Zarówno twórczość Haliny Poświatowskiej, jak i jej sylwetka zostały bardzo dokładnie zbadane przez uczonych. Szukanie informacji o poetce było czasochłonne nie z racji braku materiałów, ale z powodu ich nadmiaru. Czy jest się czemu dziwić? Z pewnością nie. Co prawda Poświatowska nie jest jedyną reprezentantką poezji kobiecej w polskiej literaturze, bez wątpienia jednak jest artystką niezwykłą. Ta „poetka-legenda powojennej liryki polskiej” 1 w swoich wierszach nie bała się poruszania kwestii przemijania, ulotności, przeplatania się miłości ze śmiercią. Izolda Kiec twierdzi:

[...] jej liryka jest świadectwem wspólnego młodym artystom dążenia do indywidualizmu.
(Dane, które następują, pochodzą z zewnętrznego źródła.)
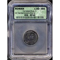 <TABLE cellSpacing=0 cellPadding=0 width="100%" bgColor=#000000 border=0><TBODY> <TR><TD width="100%"><TABLE cellSpacing=1 cellPadding=3 width="100%" border=0><TBODY><TR><TD width="100%" bgColor=#79735c><FONT face=arial color=#ffffff size=3><B>Description</B> </FONT></TD></TR><TR><TD width="100%" bgColor=#ffffff><FONT face=arial size=2><B>Constantius II.</B></I> A.D. 337-361. AE centenionalis (21 mm). Siscia, under Vetranio, A.D. 350.Diademed, draped and cuirassed bust right; A behind, star before / Constantius standing left, holding a labarum in each hand; A/.(Gamma)SIS.. RIC 284; LRBC 1171. XF45 ICG. </FONT></TD></TR></TBODY></TABLE></TD></TR></TBODY></TABLE><BR><A name=PricesRealized></A><TABLE cellSpacing=0 cellPadding=0 width="100%" bgColor=#000000 border=0><TBODY><TR><TD width="100%"><TABLE cellSpacing=1 cellPadding=3 width="100%" border=0><TBODY><TR><TD width="100%" bgColor=#79735c><A name=PR><FONT face=arial color=#ffffff size=3><B>Previous Prices from Heritage Auctions</B> </FONT></A></TD></TR><TR><TD bgColor=#f6f6ed>No Prior Data Recorded </TD></TR><TR><TD bgColor=#ffffff><FONT face=arial size=1 ?>PLEASE NOTE: All prices realized reflect the final hammer price PLUS the buyer's premium in auctions that charge a buyer's premium. Each item has a notation at the top of the listing indicating whether that lot included a buyer's premium. Example: A item that sells with a final hammer price of $100 and a 20% buyer's premium will display with a price realized of $120. All information listed is intended to be as accurate as possible, but errors are possible. Please use this guide carefully and inform us of any inaccuracies. </FONT></TD></TR></TBODY></TABLE></TD></TR></TBODY></TABLE><BR><TABLE cellSpacing=0 cellPadding=0 width="100%" bgColor=#000000 border=0><TBODY><TR><TD width="100%"><TABLE cellSpacing=1 cellPadding=3 width="100%" border=0><TBODY><TR><TD width="100%" bgColor=#79735c colSpan=6><FONT face=arial color=#ffffff size=3><B>Price Guide*</B> </FONT></TD></TR><TR bgColor=#f6f6ed><TD align=middle><B>Grade</B> </TD><TD align=middle><B>Coin World<BR>(Trends)</B> </TD><TD align=middle><B>Numismedia<BR>Retail</B> </TD><TD align=middle><B>Numismedia<BR>Wholesale</B> </TD><TD align=middle><B>Coin<BR>Universe</B> </TD><TD align=middle><B>Heritage<BR>Value Index</B> </TD></TR><TR bgColor=#ffffff><TD colSpan=6><FONT size=1>*All information listed is intended to be as accurate as possible, but errors are possible. No item may be returned or refused based on this information which is provided as a service to our customers. You should contact each pricing source directly to determine the accuracy of this information. </FONT></TD></TR></TBODY></TABLE></TD></TR></TBODY></TABLE><BR><TABLE cellSpacing=0 cellPadding=0 width="100%" bgColor=#000000 border=0><TBODY><TR><TD width="100%"><TABLE cellSpacing=1 cellPadding=3 width="100%" border=0><TBODY><TR><TD width="100%" bgColor=#79735c><FONT face=arial color=#ffffff size=3><B>Population Guide</B> </FONT></TD></TR><TR bgColor=#ffffff> Important notice: Heritage usually auctions material at the rate of 200-250 lots per hour. On some occasions eBay Live bid software or the Internet may not be able to keep up with the pace of the auction. We recommend placing a realistic absentee bid now as insurance to avoid disappointment. Occasionally the auctioneer may eliminate or reject an eBay Live bid, and the auctioneer may also reopen a lot after the close of the eBay live bidding (usually because we missed an audience bid), and may reject your bid even if it shows you as the winning bidder. By bidding via eBay Live, you agree that Heritage may award the lot to another bidder at its sole discretion under the circumstances described above or any other reasonable circumstances. Also please note that all Heritage lots purchased through eBay Live carry a 20% Buyer's Premium. Please make sure you read the Terms and Conditions before you bid.</TD></TR></TBODY></TABLE></TD></TR></TBODY></TABLE>

Poetka bowiem zapisała w niej własny los, wykreowała własną legendę i utrwaliła swą prywatną walkę o przetrwanie oraz jednostkowe poszukiwania odpowiedzi na pytania o sens spraw najbardziej podstawowych, bo dotyczących codziennego, ludzkiego bytu 2.

Kim była więc owa Poświatowska, o której piszą znawcy literatury, której liryki czytają nieustannie ludzie zarówno młodzi, jak i ci w podeszłym wieku? Kim była, kiedy żyła? Kim jest teraz, kiedy krążą o niej legendy? Dziś jest przede wszystkim autorką wybitnych wierszy, w których nierzadko odnajdujemy swoje własne historie. Poetką, która gdyby tylko mogła do nas przemówić, z pewnością powtórzyłaby za Horacym „Non omnis moriar”, gdyż niezaprzeczalny jest fakt, że nie umarła
w całości. Zostawiła po sobie cząstkę, której nic i nikt nie jest w stanie zniszczyć. Jej osoba została w sercach jej bliskich już na zawsze. Jej twórczość także została na zawsze, na papierze. Spośród wielu opinii, dotyczących Poświatowskiej, przemawiają do mnie słowa Tadeusza Linknera:

Biorąc do rąk którykolwiek z tomików, nie umiemy zapomnieć, że pisała go dziewczyna, która jak nikt rozumiała kruchość naszej egzystencji, która najlepiej znała swój czas. A ponieważ pisała w chwilach takich nieszczęść, że mogłyby one każdego psychicznie zdruzgotać, więc tym silniej odczuwamy słowo tych wierszy i nade wszystko ich ducha 3.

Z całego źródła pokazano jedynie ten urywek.